Global Renewable Fuels Alliance

GRFA Letter to Members of the European Parliament re. Renewable Energy Directive

Dear Member,

We are writing to you to express our grave concerns with the current review of Europe’s Renewable Energy Directive (RED) and Fuel Quality Directive (FDQ). Renewable Energy mandates have been the primary policy mechanism by which the biofuels industry has gained critical access to the world’s transportation fuel markets. Successful mandates around the world have created a dynamic biofuels industry that now employs over 1.4 million people and generated over $270 billion of economic output in 2010 (Urbanchuck, John. Contribution of Biofuels to The Global Economy: Cardno Entrix, 2012). Today, world ethanol production alone produces over 2 million barrels of biofuels (oil equivalent) per day putting unprecedented downward pressure on oil prices while offsetting over 100 megatons of CO2 emissions each year. This equates to removing over 20 million cars off the road each year ((S&T)2 Consultants Inc). Without effective and properly designed legislated mandates none of these benefits would have been achieved and certainly the oil industry would never have unilaterally forfeited market share to a competing fuel regardless of these inherent benefits. The RED has tremendous potential to further develop the global biofuels industry and generate even greater economic and environmental benefits. However, with the current legislative amendment proposed, the RED and FQD may not meet these important objectives. Moreover, the proposals as written may also threaten recent investments in ethanol production by pushing ethanol out of the marketplace.

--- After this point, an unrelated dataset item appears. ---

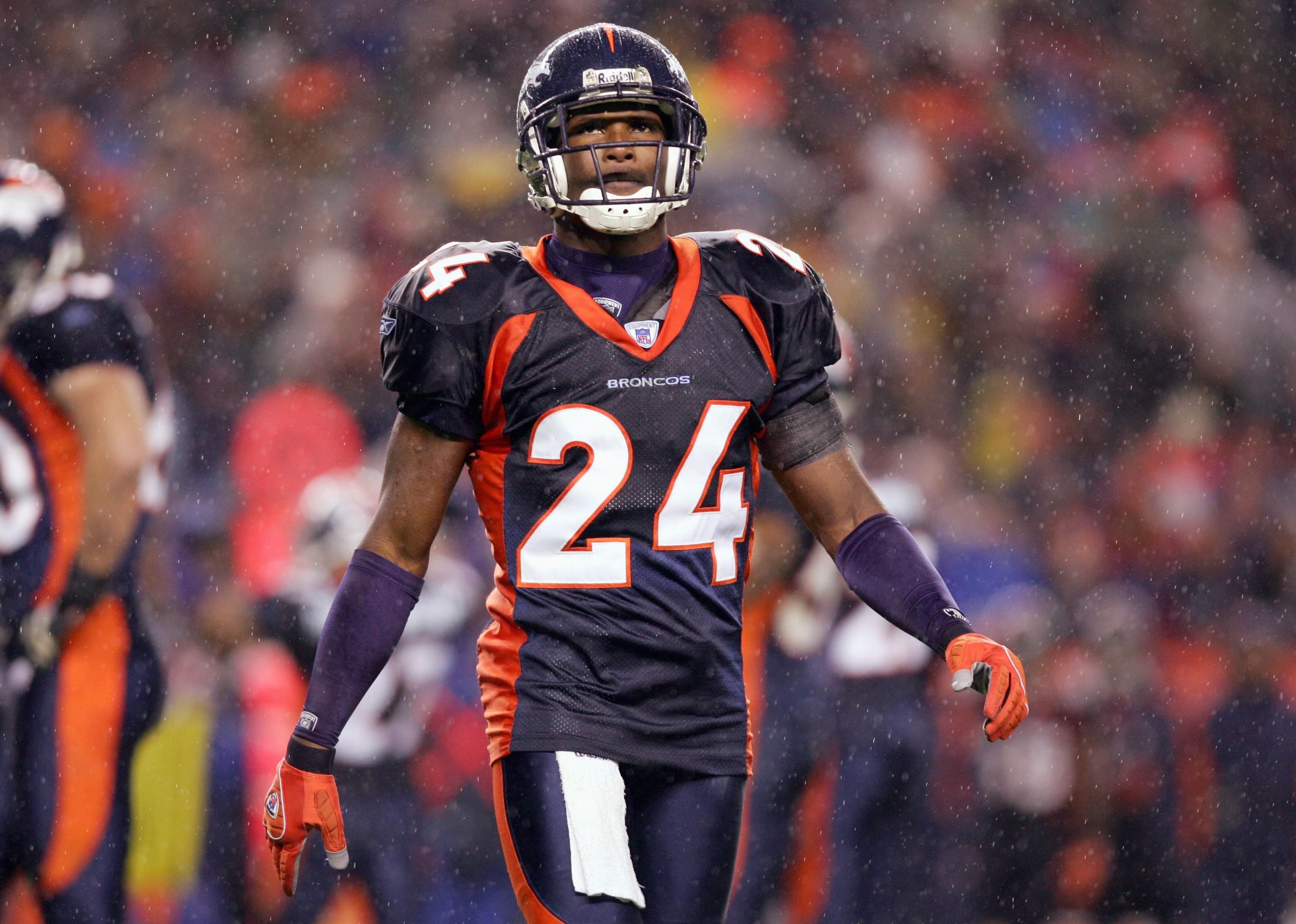 Champ Bailey of the Denver Broncos walks on the field

Above all, designing the appropriate policy mechanisms to ensure the introduction of renewable fuels content in the gasoline and diesel markets must begin with the premise that the alternative – petroleum based fuels – are by definition unsustainable. It is by this benchmark that we should judge ALL renewable fuels.

The Global Renewable Fuels Alliance (GRFA), its members and supporting associations support the sustainable development of biofuels and have encouraged the development of science-based research that advances the industry and continuously improves the GHG footprint of our fuels. However, we do NOT support imposing criteria on our fuels that are based on erroneous scientific work, unproven theories and the suspect agendas of vested interests.

The RED is a revolutionary piece of legislation that will shape the future biofuels policies of the EU and, to some degree, the world. It will establish the necessary investor confidence that will play a major role in the development of the European biofuel industry. It is also the necessary prerequisite to bring advanced biofuels to full commercialization. Furthermore, this Directive contains an unparalleled and comprehensive list of requirements to guarantee that only biofuels produced in a sustainable manner are allowed in the EU energy mix. However, recent attacks on the RED by vested interests reflected in the ILUC proposal threaten to derail this important policy instrument. These attacks threaten to not only impair the EU biofuels industry but could have global implications for biofuels production. A number of these proposals have no scientific merit, are baseless and in some cases have no relevance to the policy objectives of the Directives.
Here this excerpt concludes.